### DATA SECTION
══════════

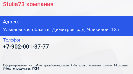 Stulia73, компания по адресу Ульяновская область, Димитровград, Чайкиной, 12а в дальнейшем Организация, размещена в следующих категориях:
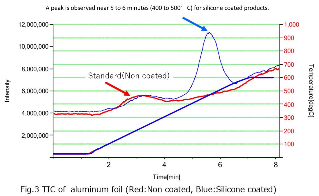 | Measurement Method | Approximately 5 mg of aluminum foil was cut and introduced into the POT L. Measurements were conducted using mass spectrometer while the temperature was increased from room temperature to 600°C. (Red: standard foil; Blue: silicone-coated foil) |
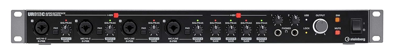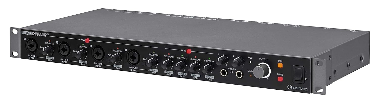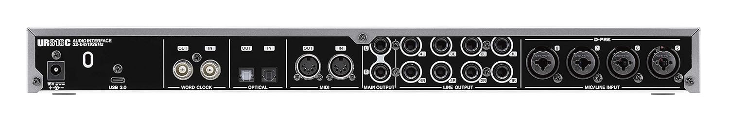The UR816C is the audio interface that forms the heart of your studio. With stunning Class-A D-PRE microphone preamps and 32-bit/192 kHz recording quality, it delivers professional results in every sense. The comprehensive set of mic inputs allows you to record even a full drum set and, with the HI-Z inputs, electric guitars can be captured cleanly and perfectly monitored with zero latency, thanks to the included DSP-based guitar amp simulations. The MIDI connections allow you to use a variety of controllers. The digital connections let you expand your studio by adding converters and word clock with the latest jitter reduction technology makes sure other professional audio equipment will be perfectly synchronized. Dim and Mute function add further studio-grade functionality… and all this can be used with any DAW.

══════════

### EXERCISE BRIEF
Pictures should not appear; only the lines from the start of the listing above to the line containing "silicone-coated foil) |", both ends included, are to be repeated exactly.

### TASK ANSWER
 Stulia73, компания по адресу Ульяновская область, Димитровград, Чайкиной, 12а в дальнейшем Организация, размещена в следующих категориях:
 | Measurement Method | Approximately 5 mg of aluminum foil was cut and introduced into the POT L. Measurements were conducted using mass spectrometer while the temperature was increased from room temperature to 600°C. (Red: standard foil; Blue: silicone-coated foil) |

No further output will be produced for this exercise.